Шрифт:
Интервал:
Закладка:
— Ну, кайтесь же, нехристи, кайтесь! — шутливо проворчал Хмельницкий. Эти двое заводил уже немало выпили из него крови, предлагая авантюру за авантюрой. Они явно томились без войска и без походов, оставаясь теми, на кого он только и мог пока что по-настоящему рассчитывать. — Коль уж явились со свечами и с ладаном, то…
— Вон, Лютай сам разведку водил, — тыкал Ганжа концом плетки в бок атамана. — И мои хлопцы с ним были. Оказалось, что поляки к пиру готовятся, причем очень старательно. Возможно, праздник у них какой-то католический.
— Ну, готовятся.
— И те, что стоят заставой у острова Хортица [27] и разъезды которых перекрывают все подступы к Сечи, перехватывая и казня идущий к нам люд… Они тоже готовятся. Так вот, думаю, что поляков надо бы по-божески «поздравить». Соседи все же.
— Не богохульствуй.
— Каюсь, пан иезуит. — Такие шуточки мог позволять себе только Ганжа. Но он мог позволять себе многое, пока что… — Однако «поздравить» все же надо. Как раз в то время, когда они поднимут бокалы и начнут причащаться… Или молиться, не причастившись…
Движением руки Хмельницкий вновь остановил его богохульствие и, с ироничной грустью взглянув на недописанный универсал, прошелся по хижине, зябко кутаясь в наброшенный на плечи тулуп. Печь почти угасла, и в атаманской хижине становилось прохладно, сыро и муторно.

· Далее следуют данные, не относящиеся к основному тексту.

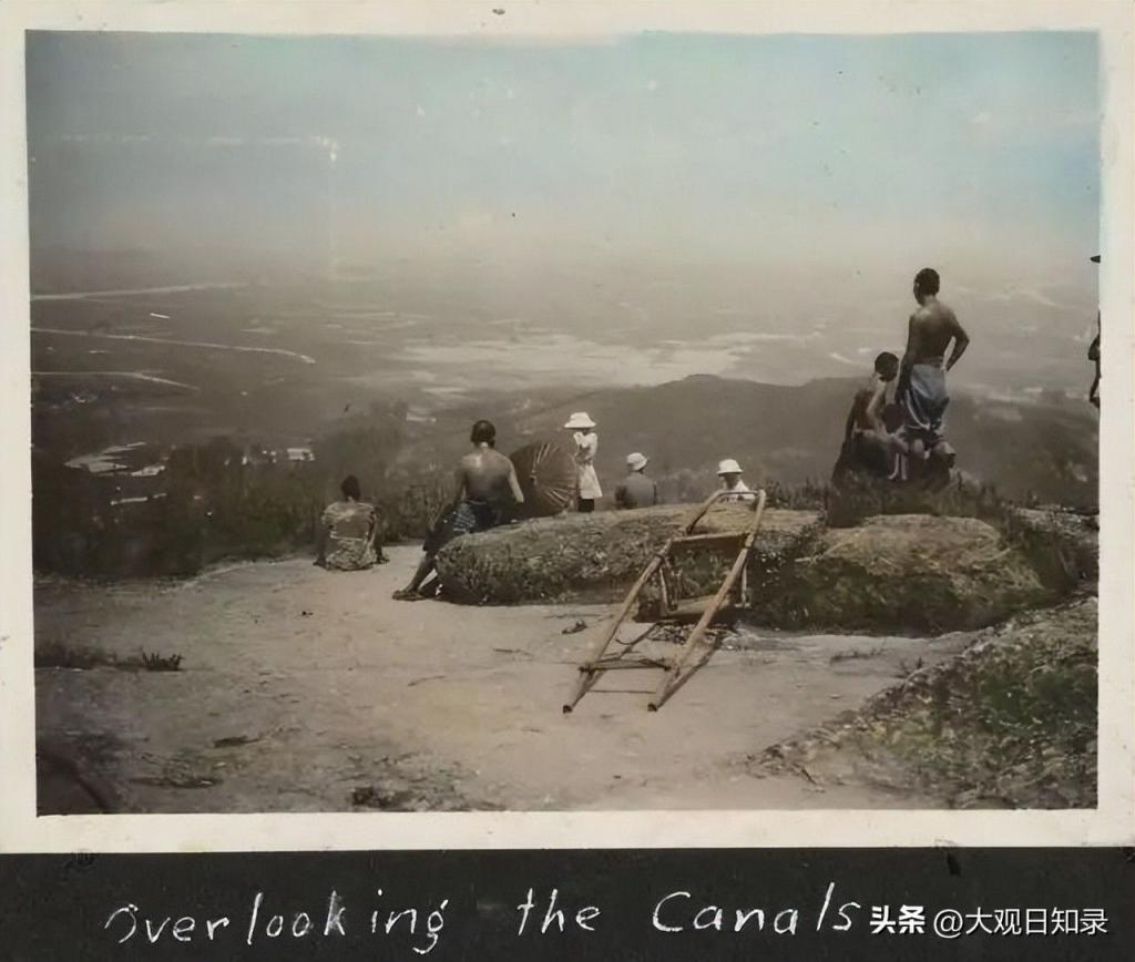一行人登上山顶,在山顶俯瞰运河。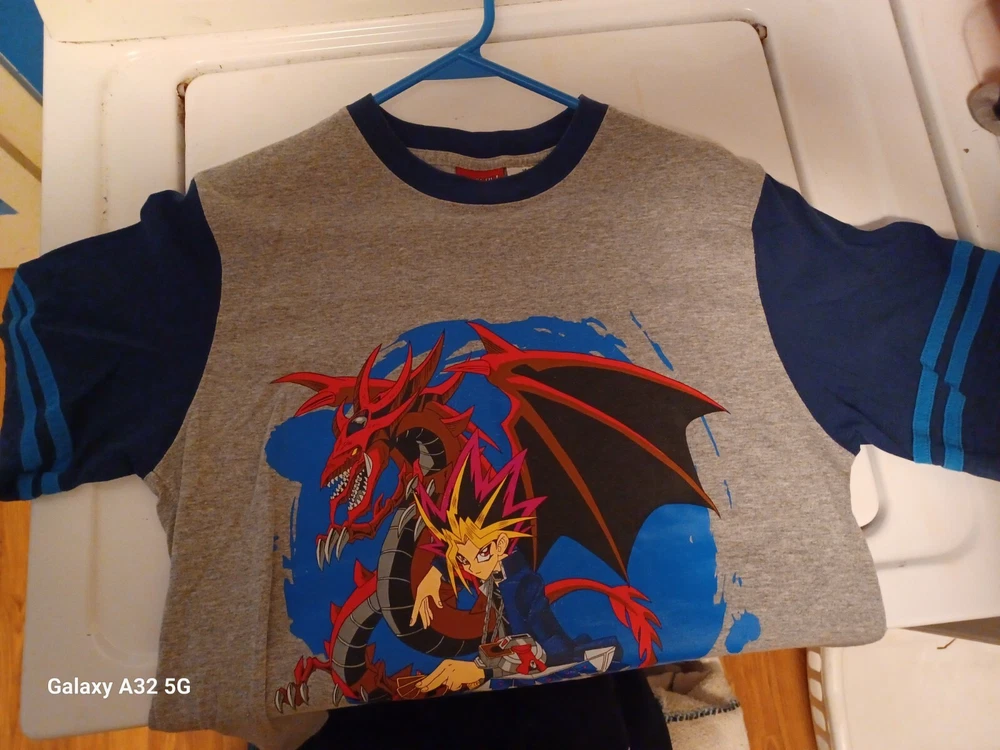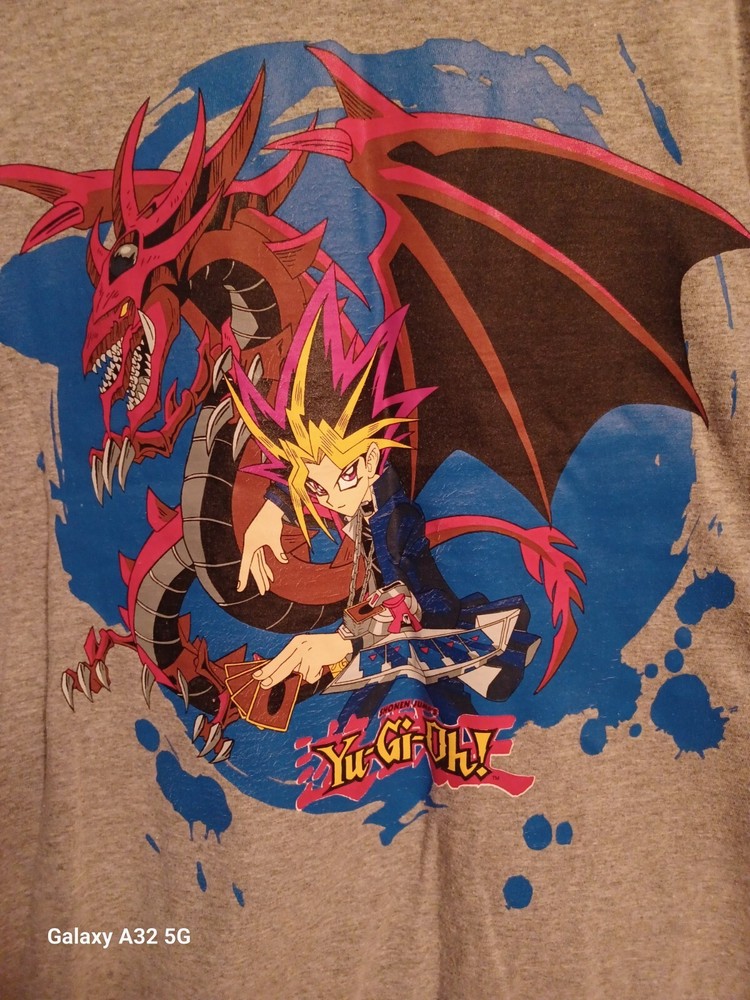 This vintage 1996 Shonen Jump's Yu-Gi-Oh! shirt features the powerful Slifer The Sky Dragon character. The shirt is designed for teens with a size of L and is made of gray cotton. This pre-owned shirt has a regular size type and is perfect for fans of the Yu-Gi-Oh! franchise, specifically the character family of Slifer The Sky Dragon. The shirt is suitable for casual wear and is a must-have for collectors of vintage clothing items.

— Как твои сечевики, Лютай?
— Копытом землю рвать будут.
— Я о тех, что на Сечи остались, зимним гарнизоном. Прямо сейчас пошли туда двух гонцов. Пусть прорвутся через заслоны Гурского и передадут мою просьбу: завтра, как только стемнеет, выступить против драгун и реестровиков.
— Копытом землю рвать…
— Да попридержи ты свое копыто, — поморщился Хмельницкий. — На Сечи у тебя, кажется, есть знакомый, бывший реестровик из этого же Корсунского полка.
— Есть. И на заставе Гурского у него остался родственник. Они недавно виделись, причем корсунцы его не тронули. Сам рассказывал.
— Вот пусть он завтра и похристосуется с родственником, а заодно попросит, чтобы тот побеседовал со своими. Хватит им на польских харчах жировать, пусть переходят на нашу сторону.
— Не все перейдут. У поляков служба пока что сытнее и денежнее.
— Не все, понимаю. Но, может, хоть какую-то часть спасем, все же рубить меньше придется, ведь получается, что свои же — своих… А как-никак отборный реестровый полк.
— Отборный. Копытом землю рвать будем…
— Ты, Ганжа, готовь наши отряды. План нападения обсудим завтра, после того как твои пластуны вернутся под вечер и доложат, какие и где заслоны выставил его светлость полковник Гурский.
— Завтра же разошлю свои разъезды, чтобы они перехватывали реестровиков и пытались сразу же переманивать на нашу сторону. Уверен, что в связи с Рождеством, польские драгуны в шатрах отлеживаться будут.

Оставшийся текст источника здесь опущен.